Dataset extract below:

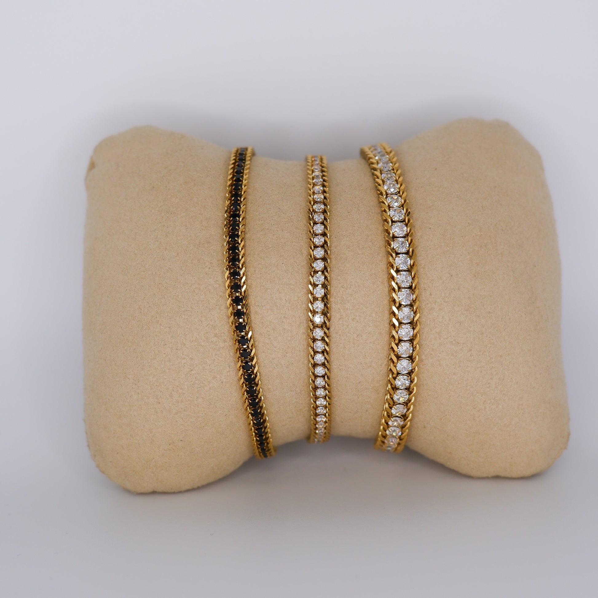 Existem 3 materiais diferentes:aço, material hipoalergenico e Prata S925.
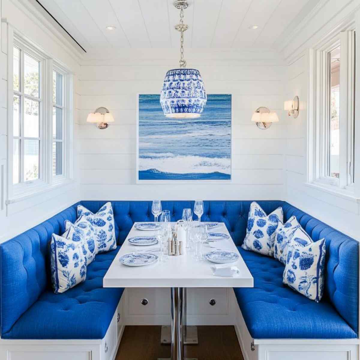 A coastal white-and-blue booth brings a breezy, calming touch to Cozy Dining Booth Seating Ideas.
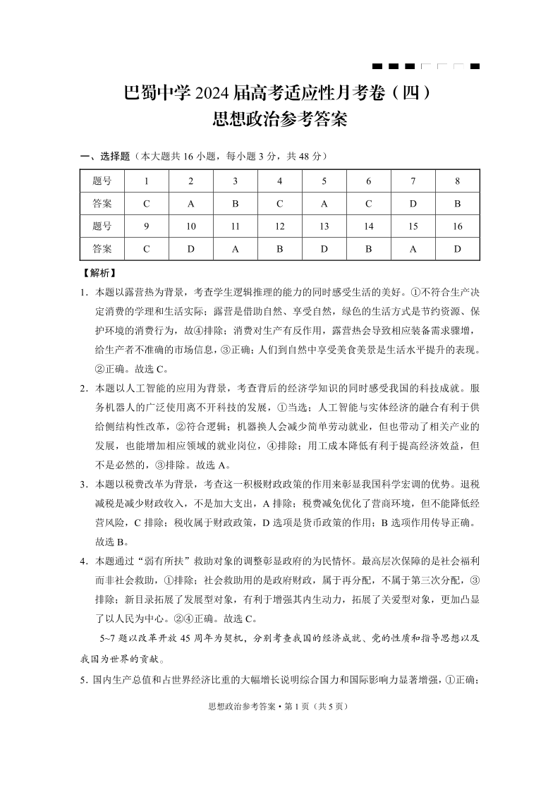 重庆市巴蜀中学2024届高考适应性月考卷(四)政治答案

End of Dataset extract.

Task to complete: When you copy the data above, reproduce each line exactly and skip every image.

The completed task:
 Existem 3 materiais diferentes:aço, material hipoalergenico e Prata S925.
 A coastal white-and-blue booth brings a breezy, calming touch to Cozy Dining Booth Seating Ideas.
 重庆市巴蜀中学2024届高考适应性月考卷(四)政治答案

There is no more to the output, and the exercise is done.